▶ _WORK ORDER_: Beneath this line are entries. Copy the range from the line with "M i t 1. Jänner" to the line with "aufgewühlt selbst eingestehen.", ends included, exactly; leave pictures out.

▶ _INPUT MATERIAL_:
- Opening Delimiter -

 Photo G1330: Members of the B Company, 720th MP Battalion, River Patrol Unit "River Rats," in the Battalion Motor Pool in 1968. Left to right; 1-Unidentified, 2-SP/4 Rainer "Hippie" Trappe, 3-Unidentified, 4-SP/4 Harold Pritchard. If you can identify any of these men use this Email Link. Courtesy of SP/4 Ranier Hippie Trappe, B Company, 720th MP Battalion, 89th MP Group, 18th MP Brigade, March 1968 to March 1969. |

- Closing Delimiter -
- Opening Delimiter -

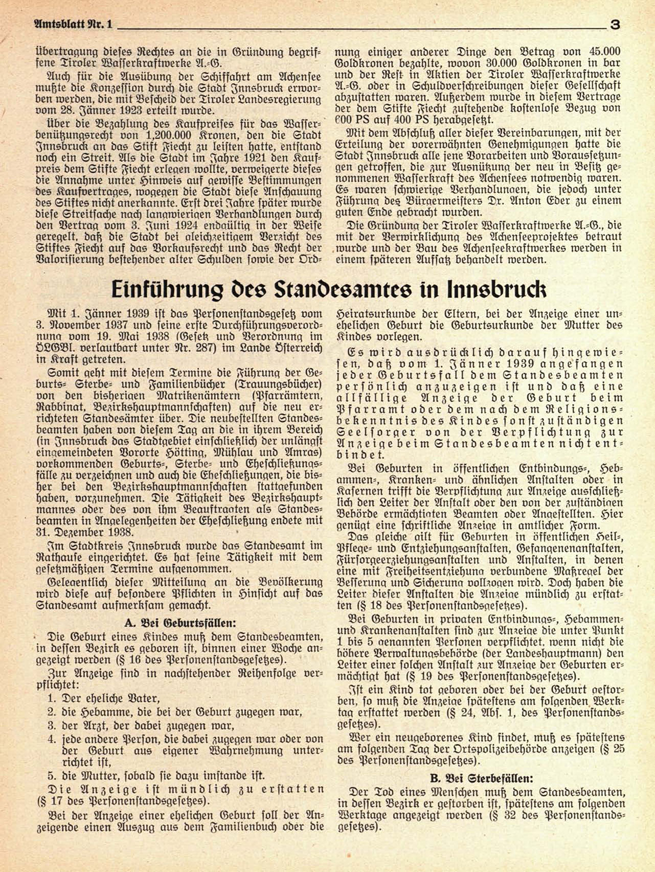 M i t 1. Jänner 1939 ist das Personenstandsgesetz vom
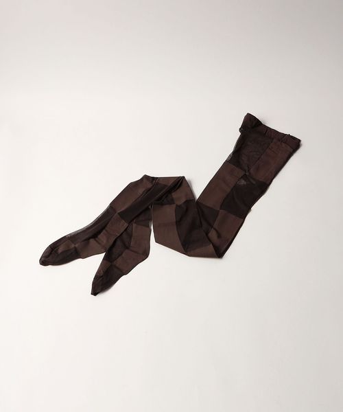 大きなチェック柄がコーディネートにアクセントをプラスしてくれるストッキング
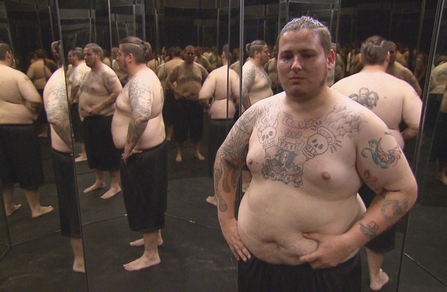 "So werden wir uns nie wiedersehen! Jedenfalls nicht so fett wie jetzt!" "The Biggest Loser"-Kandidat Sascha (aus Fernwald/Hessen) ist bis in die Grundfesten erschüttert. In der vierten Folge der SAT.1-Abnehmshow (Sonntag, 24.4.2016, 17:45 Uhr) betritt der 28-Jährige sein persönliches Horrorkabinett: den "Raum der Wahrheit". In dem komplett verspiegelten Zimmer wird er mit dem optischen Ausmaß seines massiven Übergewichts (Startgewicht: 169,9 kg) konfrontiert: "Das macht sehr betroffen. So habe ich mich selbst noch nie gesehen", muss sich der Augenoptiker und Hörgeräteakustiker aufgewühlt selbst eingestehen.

- Closing Delimiter -
- Opening Delimiter -

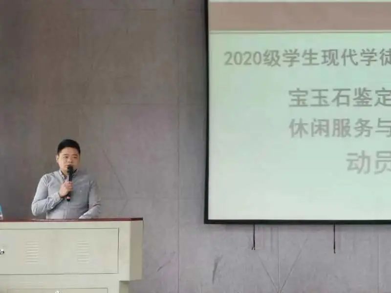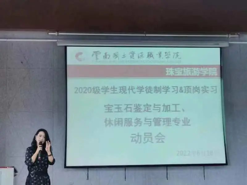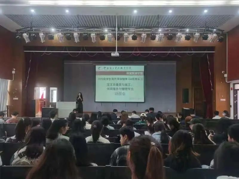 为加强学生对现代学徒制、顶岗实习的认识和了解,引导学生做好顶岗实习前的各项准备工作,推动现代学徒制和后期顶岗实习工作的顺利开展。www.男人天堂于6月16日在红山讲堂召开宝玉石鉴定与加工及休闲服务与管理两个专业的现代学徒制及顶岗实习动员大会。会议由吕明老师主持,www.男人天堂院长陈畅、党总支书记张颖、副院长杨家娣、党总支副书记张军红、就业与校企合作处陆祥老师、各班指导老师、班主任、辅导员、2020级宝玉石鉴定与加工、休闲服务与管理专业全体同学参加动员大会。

- Closing Delimiter -

▶ _PROBLEM SOLUTION_:
 M i t 1. Jänner 1939 ist das Personenstandsgesetz vom
 大きなチェック柄がコーディネートにアクセントをプラスしてくれるストッキング
 "So werden wir uns nie wiedersehen! Jedenfalls nicht so fett wie jetzt!" "The Biggest Loser"-Kandidat Sascha (aus Fernwald/Hessen) ist bis in die Grundfesten erschüttert. In der vierten Folge der SAT.1-Abnehmshow (Sonntag, 24.4.2016, 17:45 Uhr) betritt der 28-Jährige sein persönliches Horrorkabinett: den "Raum der Wahrheit". In dem komplett verspiegelten Zimmer wird er mit dem optischen Ausmaß seines massiven Übergewichts (Startgewicht: 169,9 kg) konfrontiert: "Das macht sehr betroffen. So habe ich mich selbst noch nie gesehen", muss sich der Augenoptiker und Hörgeräteakustiker aufgewühlt selbst eingestehen.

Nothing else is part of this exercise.